→ MATERIAL PROVIDED:

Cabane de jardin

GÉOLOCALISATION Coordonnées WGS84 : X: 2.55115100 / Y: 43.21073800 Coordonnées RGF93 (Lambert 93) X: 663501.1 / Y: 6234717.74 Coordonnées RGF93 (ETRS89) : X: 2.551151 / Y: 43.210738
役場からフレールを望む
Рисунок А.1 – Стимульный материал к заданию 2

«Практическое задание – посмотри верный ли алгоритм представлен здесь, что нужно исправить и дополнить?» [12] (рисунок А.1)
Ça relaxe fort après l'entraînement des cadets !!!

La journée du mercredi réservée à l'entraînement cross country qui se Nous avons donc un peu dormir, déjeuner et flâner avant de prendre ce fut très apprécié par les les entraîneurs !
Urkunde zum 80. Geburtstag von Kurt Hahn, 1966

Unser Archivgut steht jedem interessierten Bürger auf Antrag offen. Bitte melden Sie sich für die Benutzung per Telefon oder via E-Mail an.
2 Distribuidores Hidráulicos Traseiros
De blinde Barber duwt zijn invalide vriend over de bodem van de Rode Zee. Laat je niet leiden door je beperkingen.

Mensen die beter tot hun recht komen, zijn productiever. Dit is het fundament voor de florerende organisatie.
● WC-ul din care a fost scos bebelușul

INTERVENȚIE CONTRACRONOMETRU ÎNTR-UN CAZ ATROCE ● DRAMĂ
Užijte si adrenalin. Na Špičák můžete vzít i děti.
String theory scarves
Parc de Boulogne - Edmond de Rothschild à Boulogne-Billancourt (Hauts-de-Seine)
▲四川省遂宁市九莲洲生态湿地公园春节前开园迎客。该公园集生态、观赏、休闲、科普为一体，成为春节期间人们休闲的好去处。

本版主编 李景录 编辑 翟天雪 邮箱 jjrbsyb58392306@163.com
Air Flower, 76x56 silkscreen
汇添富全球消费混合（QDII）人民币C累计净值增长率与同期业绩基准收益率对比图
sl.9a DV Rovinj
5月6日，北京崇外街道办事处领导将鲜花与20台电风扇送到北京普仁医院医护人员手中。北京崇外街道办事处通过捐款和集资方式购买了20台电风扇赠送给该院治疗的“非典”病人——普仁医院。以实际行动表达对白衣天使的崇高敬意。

→ ASSIGNMENT: Reproduce every entry above. Make each line identical to the original.

→ SOLUTION TO THE PROBLEM:
Cabane de jardin

GÉOLOCALISATION Coordonnées WGS84 : X: 2.55115100 / Y: 43.21073800 Coordonnées RGF93 (Lambert 93) X: 663501.1 / Y: 6234717.74 Coordonnées RGF93 (ETRS89) : X: 2.551151 / Y: 43.210738
役場からフレールを望む
Рисунок А.1 – Стимульный материал к заданию 2

«Практическое задание – посмотри верный ли алгоритм представлен здесь, что нужно исправить и дополнить?» [12] (рисунок А.1)
Ça relaxe fort après l'entraînement des cadets !!!

La journée du mercredi réservée à l'entraînement cross country qui se Nous avons donc un peu dormir, déjeuner et flâner avant de prendre ce fut très apprécié par les les entraîneurs !
Urkunde zum 80. Geburtstag von Kurt Hahn, 1966

Unser Archivgut steht jedem interessierten Bürger auf Antrag offen. Bitte melden Sie sich für die Benutzung per Telefon oder via E-Mail an.
2 Distribuidores Hidráulicos Traseiros
De blinde Barber duwt zijn invalide vriend over de bodem van de Rode Zee. Laat je niet leiden door je beperkingen.

Mensen die beter tot hun recht komen, zijn productiever. Dit is het fundament voor de florerende organisatie.
● WC-ul din care a fost scos bebelușul

INTERVENȚIE CONTRACRONOMETRU ÎNTR-UN CAZ ATROCE ● DRAMĂ
Užijte si adrenalin. Na Špičák můžete vzít i děti.
String theory scarves
Parc de Boulogne - Edmond de Rothschild à Boulogne-Billancourt (Hauts-de-Seine)
▲四川省遂宁市九莲洲生态湿地公园春节前开园迎客。该公园集生态、观赏、休闲、科普为一体，成为春节期间人们休闲的好去处。

本版主编 李景录 编辑 翟天雪 邮箱 jjrbsyb58392306@163.com
Air Flower, 76x56 silkscreen
汇添富全球消费混合（QDII）人民币C累计净值增长率与同期业绩基准收益率对比图
sl.9a DV Rovinj
5月6日，北京崇外街道办事处领导将鲜花与20台电风扇送到北京普仁医院医护人员手中。北京崇外街道办事处通过捐款和集资方式购买了20台电风扇赠送给该院治疗的“非典”病人——普仁医院。以实际行动表达对白衣天使的崇高敬意。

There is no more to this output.